───── Provided material ─────

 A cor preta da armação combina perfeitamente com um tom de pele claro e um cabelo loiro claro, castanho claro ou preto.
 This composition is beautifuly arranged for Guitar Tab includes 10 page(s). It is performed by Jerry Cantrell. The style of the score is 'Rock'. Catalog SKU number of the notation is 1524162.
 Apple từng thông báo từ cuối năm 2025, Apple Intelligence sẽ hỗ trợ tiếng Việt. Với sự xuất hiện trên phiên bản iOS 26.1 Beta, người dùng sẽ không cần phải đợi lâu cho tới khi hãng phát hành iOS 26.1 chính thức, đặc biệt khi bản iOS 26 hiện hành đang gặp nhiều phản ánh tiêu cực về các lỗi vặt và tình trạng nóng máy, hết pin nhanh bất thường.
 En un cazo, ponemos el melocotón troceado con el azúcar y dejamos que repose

─────
───── Provided material ─────

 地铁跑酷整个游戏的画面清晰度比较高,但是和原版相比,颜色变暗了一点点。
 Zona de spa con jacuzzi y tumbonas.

─────
───── Provided material ─────

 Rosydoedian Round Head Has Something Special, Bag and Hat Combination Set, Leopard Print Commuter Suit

─────

* _How to complete this task_
Copy word for word the stretch of entries above from the line that has "Apple từng thông" through the line that has "En un cazo, ponemos", both ends included, and nothing outside it.

* _Completed task_
 Apple từng thông báo từ cuối năm 2025, Apple Intelligence sẽ hỗ trợ tiếng Việt. Với sự xuất hiện trên phiên bản iOS 26.1 Beta, người dùng sẽ không cần phải đợi lâu cho tới khi hãng phát hành iOS 26.1 chính thức, đặc biệt khi bản iOS 26 hiện hành đang gặp nhiều phản ánh tiêu cực về các lỗi vặt và tình trạng nóng máy, hết pin nhanh bất thường.
 En un cazo, ponemos el melocotón troceado con el azúcar y dejamos que repose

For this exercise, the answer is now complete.